There was once a time when adults in this country knew how to handle kids who threw temper tantrums.
Maybe one day we will reinvent this technology.
[The fact of the matter is you and yours are suckling from my largesse]
No, my children will be educated via private school. So, I’m not interested in your largesse, or your smallesse either, for that matter. (badumpump)
Thanks for posting the updated information. Interesting to note that (1) the parents had been asking for an Individualized Education Program for their child, and (2) they’d threatened to file charges previously.
So, the parents themselves might not have been demanding their child be “mainstreamed”, as many here presume.
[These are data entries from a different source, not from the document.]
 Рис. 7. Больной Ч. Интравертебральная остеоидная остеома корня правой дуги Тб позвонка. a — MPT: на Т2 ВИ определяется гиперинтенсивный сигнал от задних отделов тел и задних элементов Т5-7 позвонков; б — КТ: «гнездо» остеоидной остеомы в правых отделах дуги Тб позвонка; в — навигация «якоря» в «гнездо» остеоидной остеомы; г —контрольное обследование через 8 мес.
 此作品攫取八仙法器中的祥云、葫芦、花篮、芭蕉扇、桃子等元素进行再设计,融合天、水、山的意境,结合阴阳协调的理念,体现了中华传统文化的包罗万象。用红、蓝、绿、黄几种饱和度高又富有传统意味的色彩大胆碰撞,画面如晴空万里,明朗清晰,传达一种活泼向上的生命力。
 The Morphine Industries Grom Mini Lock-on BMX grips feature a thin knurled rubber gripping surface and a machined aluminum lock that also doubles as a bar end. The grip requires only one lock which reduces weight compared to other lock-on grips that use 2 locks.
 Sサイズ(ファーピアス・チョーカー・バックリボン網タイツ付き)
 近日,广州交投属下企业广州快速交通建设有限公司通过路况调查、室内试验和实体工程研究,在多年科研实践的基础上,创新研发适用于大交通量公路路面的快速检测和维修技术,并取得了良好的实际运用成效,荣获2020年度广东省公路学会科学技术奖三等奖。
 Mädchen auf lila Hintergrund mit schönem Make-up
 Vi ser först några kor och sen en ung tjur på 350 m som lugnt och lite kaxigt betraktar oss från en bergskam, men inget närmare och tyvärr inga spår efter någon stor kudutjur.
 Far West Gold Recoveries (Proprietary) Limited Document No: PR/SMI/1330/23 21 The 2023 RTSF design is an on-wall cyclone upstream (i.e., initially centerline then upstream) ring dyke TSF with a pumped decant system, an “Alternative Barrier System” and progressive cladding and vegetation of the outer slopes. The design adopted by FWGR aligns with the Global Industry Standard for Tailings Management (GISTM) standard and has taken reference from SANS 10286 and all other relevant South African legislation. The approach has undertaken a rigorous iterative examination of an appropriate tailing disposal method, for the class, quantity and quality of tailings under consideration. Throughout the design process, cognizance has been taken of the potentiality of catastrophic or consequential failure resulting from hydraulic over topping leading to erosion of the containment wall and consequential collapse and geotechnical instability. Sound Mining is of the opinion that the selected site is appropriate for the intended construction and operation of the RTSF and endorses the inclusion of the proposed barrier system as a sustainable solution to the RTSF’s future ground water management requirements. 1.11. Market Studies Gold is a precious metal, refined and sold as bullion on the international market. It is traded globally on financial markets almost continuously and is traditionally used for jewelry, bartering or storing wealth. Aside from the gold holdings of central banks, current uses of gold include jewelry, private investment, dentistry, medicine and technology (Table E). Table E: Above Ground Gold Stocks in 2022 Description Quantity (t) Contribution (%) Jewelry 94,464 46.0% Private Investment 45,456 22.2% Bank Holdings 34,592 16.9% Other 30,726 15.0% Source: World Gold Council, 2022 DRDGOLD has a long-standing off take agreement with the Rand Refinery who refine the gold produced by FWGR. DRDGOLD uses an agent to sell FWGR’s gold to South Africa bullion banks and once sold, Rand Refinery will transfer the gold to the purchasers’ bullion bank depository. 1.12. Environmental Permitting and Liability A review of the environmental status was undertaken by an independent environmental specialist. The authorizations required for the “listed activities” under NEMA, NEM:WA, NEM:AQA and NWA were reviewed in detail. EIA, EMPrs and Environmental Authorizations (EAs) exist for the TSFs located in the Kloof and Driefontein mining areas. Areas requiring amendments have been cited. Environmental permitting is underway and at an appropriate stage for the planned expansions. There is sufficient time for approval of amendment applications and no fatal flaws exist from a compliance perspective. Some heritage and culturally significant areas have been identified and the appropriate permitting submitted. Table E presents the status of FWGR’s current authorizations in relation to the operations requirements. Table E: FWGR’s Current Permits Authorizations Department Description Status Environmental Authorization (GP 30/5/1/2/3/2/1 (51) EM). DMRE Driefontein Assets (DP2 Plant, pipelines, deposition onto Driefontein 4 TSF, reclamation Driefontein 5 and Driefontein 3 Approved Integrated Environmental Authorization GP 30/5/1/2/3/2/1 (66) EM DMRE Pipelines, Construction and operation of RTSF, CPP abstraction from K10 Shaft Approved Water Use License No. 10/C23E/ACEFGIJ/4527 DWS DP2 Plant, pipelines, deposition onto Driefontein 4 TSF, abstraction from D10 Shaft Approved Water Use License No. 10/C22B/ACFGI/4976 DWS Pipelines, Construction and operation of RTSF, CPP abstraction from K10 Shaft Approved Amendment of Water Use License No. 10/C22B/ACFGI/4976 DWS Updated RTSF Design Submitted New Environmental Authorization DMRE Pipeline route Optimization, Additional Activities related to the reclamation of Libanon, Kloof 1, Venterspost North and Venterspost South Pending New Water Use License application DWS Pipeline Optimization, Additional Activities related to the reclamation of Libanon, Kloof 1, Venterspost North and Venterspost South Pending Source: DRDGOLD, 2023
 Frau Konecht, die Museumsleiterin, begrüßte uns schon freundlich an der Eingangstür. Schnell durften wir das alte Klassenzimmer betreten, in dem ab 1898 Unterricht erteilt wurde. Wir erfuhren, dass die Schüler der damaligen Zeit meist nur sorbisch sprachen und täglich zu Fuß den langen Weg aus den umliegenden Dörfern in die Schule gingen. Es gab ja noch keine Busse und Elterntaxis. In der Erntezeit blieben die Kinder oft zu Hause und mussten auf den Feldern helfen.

On the other hand, they’d threatened to file charges against a school bus driver, so maybe the aide was trying to CYA by filing charges.
As I said, anyone who would try to prosecute a 6-year old for ANYTHING is a complete and utter idiot. And how can you prosecute the parents for an act that the child did? Do you think that the child learned this behavior at home? Perhaps, perhaps not.
Should the child and parents be forced to undergo mandatory counseling? Yes. Should the child be in a mainstream class handled like all the other children? No. But, the article states that, “Nathan’s teacher’s aide, Glenda Schiltz, filed a juvenile fourth degree misdemeanor assault charge against him.” To file criminal charges against a 6-year old is just plain stupid.
I stand by my original statement, she should lose her job and her teaching creds.
Ruck
The money you personally pay for real estate taxes would pay for a half day Kindergartener - tops, so don’t fancy yourself the benefactor of your neighbor’s children’s education.
Uh no. Proper behavior modifications administered by competent personnel is the way to “defend yourself”.
The teachers at my son’s school weigh about 120 lbs soaking wet, and they have absolutely no problems at all handling autistic kids 6 ft tall and 200 lbs.
Of course they know how to teach children with autism.